DATA SECTION>
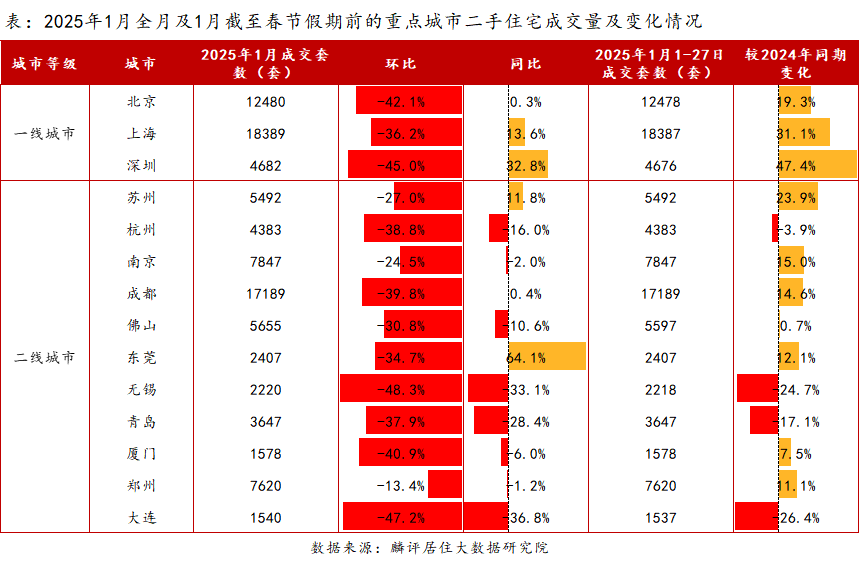 进一步来看,剔除春节影响,二手房成交仍具有一定的稳定性,成交量好于去年同期,数据显示,1月截至春节假期前(1.1~1.27)重点14城二手住宅成交95056套,较2024年同期上涨13.24%。
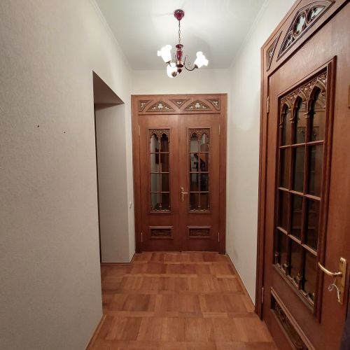 О квартире: 74/50/9м2, евроремонт, высота потолков 3м, комнаты раздельные, с/у раздельный, на полу паркет, балкон, окна во двор, интернет, холодильник, мебель, кухонная мебель
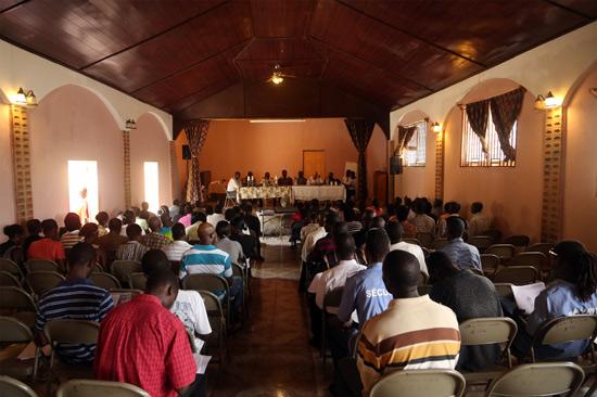 A l’occasion de la Journée nationale du mouvement des femmes haïtiennes, instaurée en 1986 et célébrée chaque année le 3 avril, les femmes du camp de déplacés du séisme de Jean Marie Vincent, à Port-au-Prince, réfléchissent sur la question des violences sexuelles. Photo : Jesus Serrano Redondo - UN…

EXERCISE DIRECTIONS> Reproduce the full material exactly, excluding the pictures.

SOLUTION>
 进一步来看,剔除春节影响,二手房成交仍具有一定的稳定性,成交量好于去年同期,数据显示,1月截至春节假期前(1.1~1.27)重点14城二手住宅成交95056套,较2024年同期上涨13.24%。
 О квартире: 74/50/9м2, евроремонт, высота потолков 3м, комнаты раздельные, с/у раздельный, на полу паркет, балкон, окна во двор, интернет, холодильник, мебель, кухонная мебель
 A l’occasion de la Journée nationale du mouvement des femmes haïtiennes, instaurée en 1986 et célébrée chaque année le 3 avril, les femmes du camp de déplacés du séisme de Jean Marie Vincent, à Port-au-Prince, réfléchissent sur la question des violences sexuelles. Photo : Jesus Serrano Redondo - UN…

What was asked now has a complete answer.